If politicians in the south are feeling strong enough to ‘come out’, why not the north?

Whatever you think of Dominic Hannigan’s politics, the Labour TD took several goes at trying to represent the good people of Meath East… John Lyons came through at the first time of asking in the more working class constituency of Dublin North–West. They did so with the voters in full knowledge that they were gay. Cork South Central Fine Gael TD Jerry Buttimer has decided to follow suite and himself come out.

I very much doubt they are the only gay TDs elected to the Oireachtas, and it’s notable that most of them represent large urban or semi urban areas. But there is no doubt, as Fionnuala O’Connor noted in the Irish News yesterday, that a much larger degree of openness around the subject can do nothing but help in a society where the private life of almost every family has changed whilst public life has lagged:

…in every family, or almost every family, someone has gathered all their courage and told parents, siblings, one sister or a favoured aunt, or they’re about to say the words. The distressing counterbalance is that in every few streets someone else is living in dread and living a lie”.

It used to be joked about in certain bars (I’m told) that there were three communities in Belfast: Catholic, Protestant and gay.
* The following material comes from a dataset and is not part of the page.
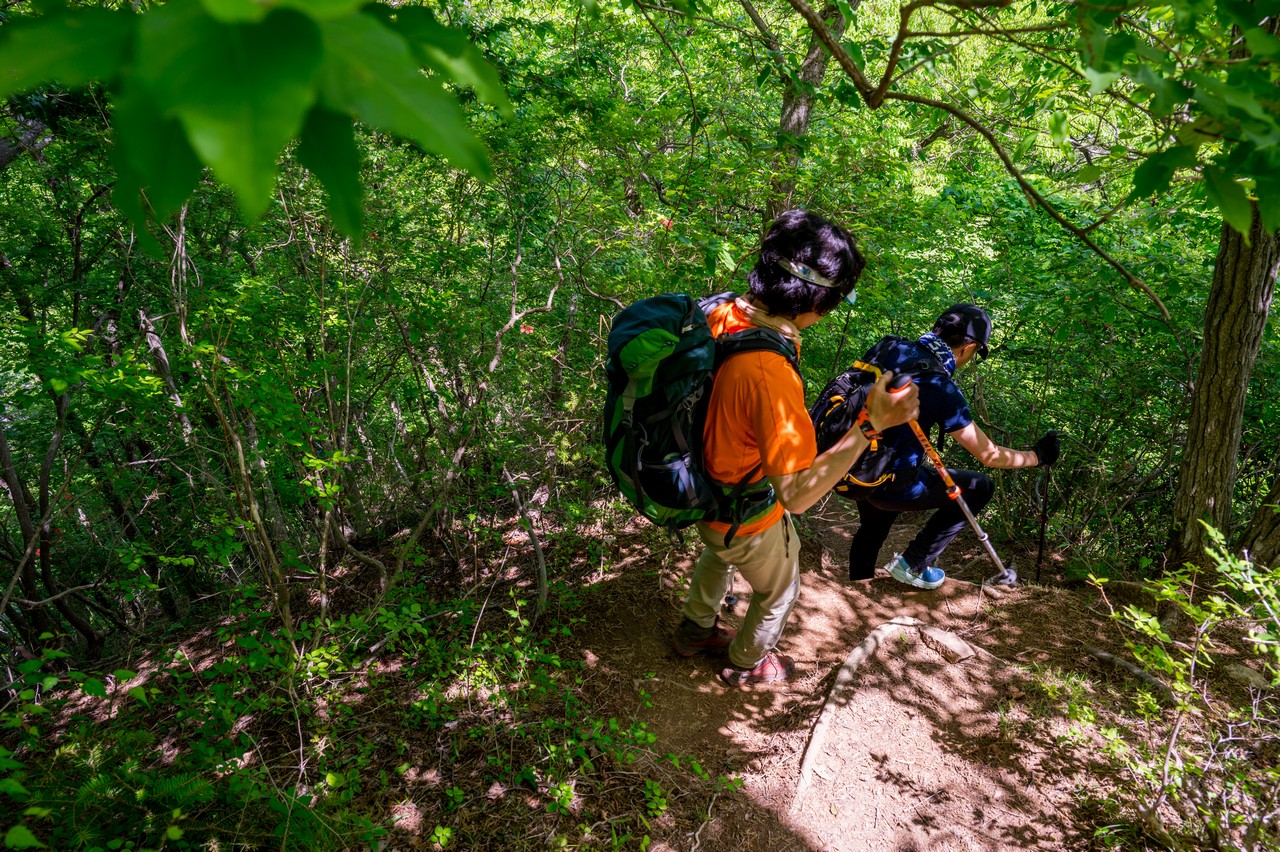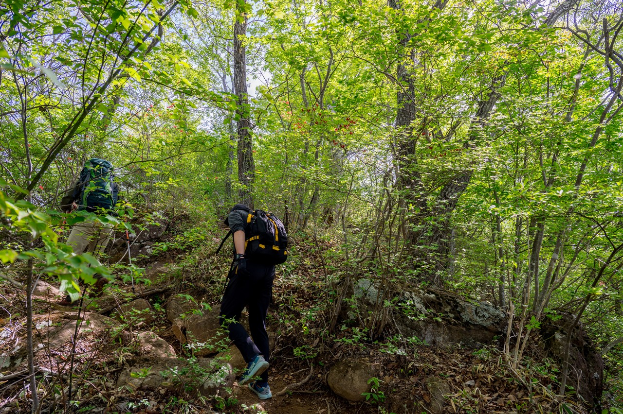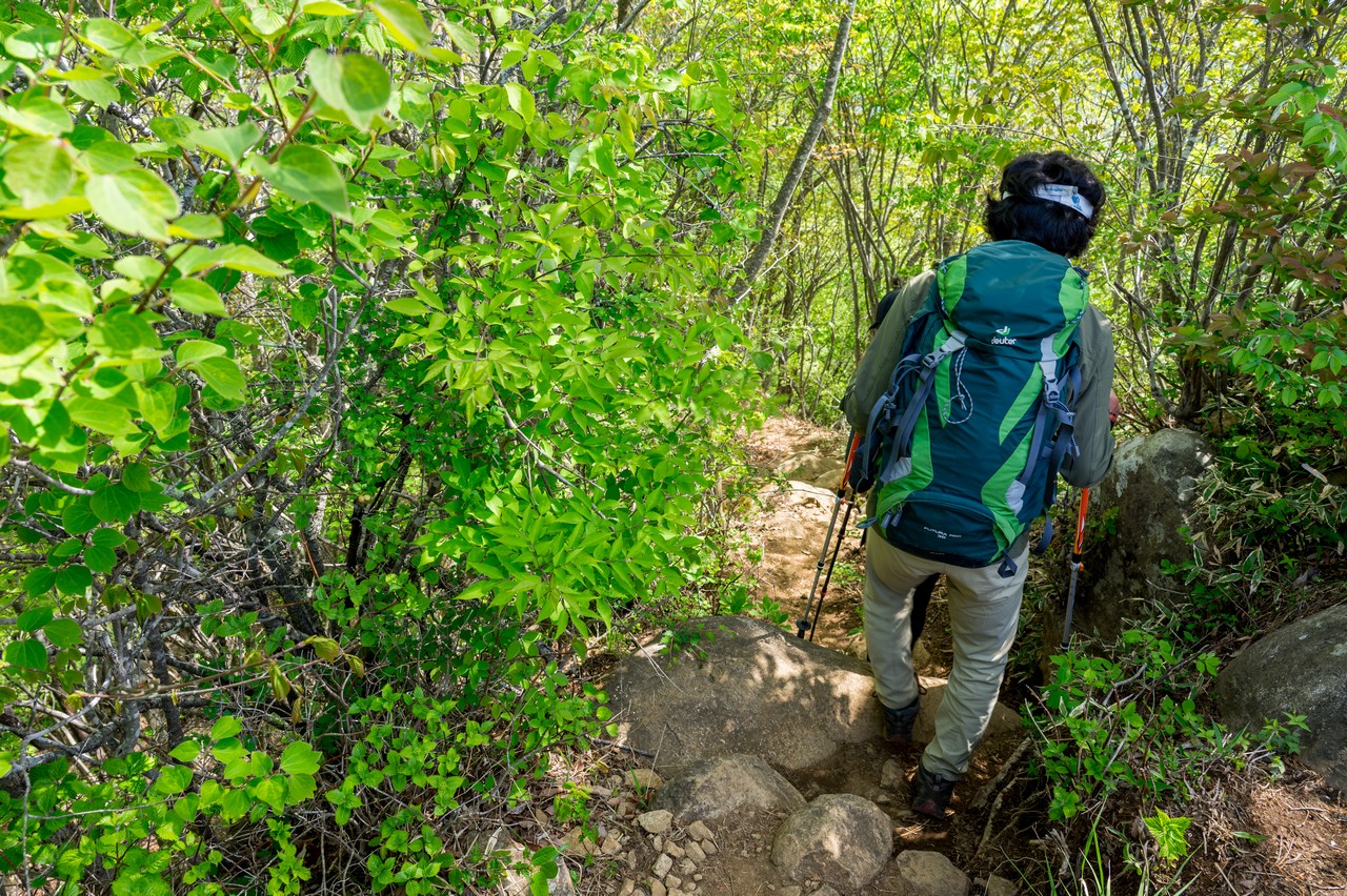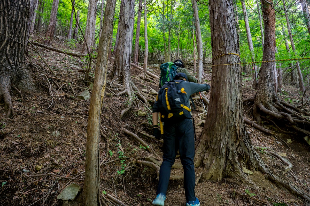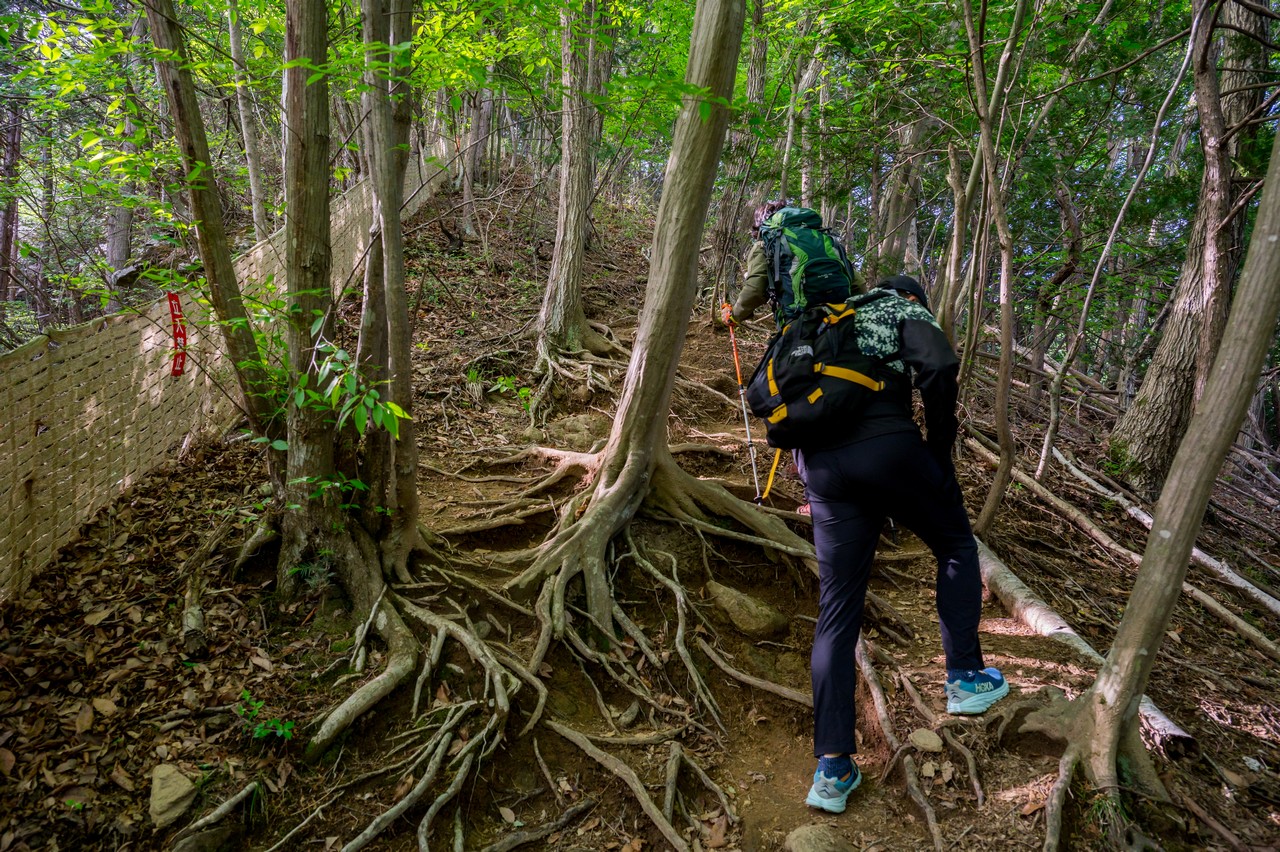 最初から結構な急登で、モリモリと標高を上げていきます。こう言う場所を登る際には、急登に挑む心得を忠実に守って粛々と登りましょう。

And it’s almost certainly true that although the smallest of the three, that gays and lesbians per capita suffered more stress and harm than the other two put together…

Last word to Fionnuala:

If any, or better still every gay politician in Sinn Fein, the SDLP, DUP, Ulster Unionists and the smaller parties would speak out like Jerry Buttimer with strong support from their hero colleagues, they would be blessed – by the young and not so young, who’ve been shamed into silence.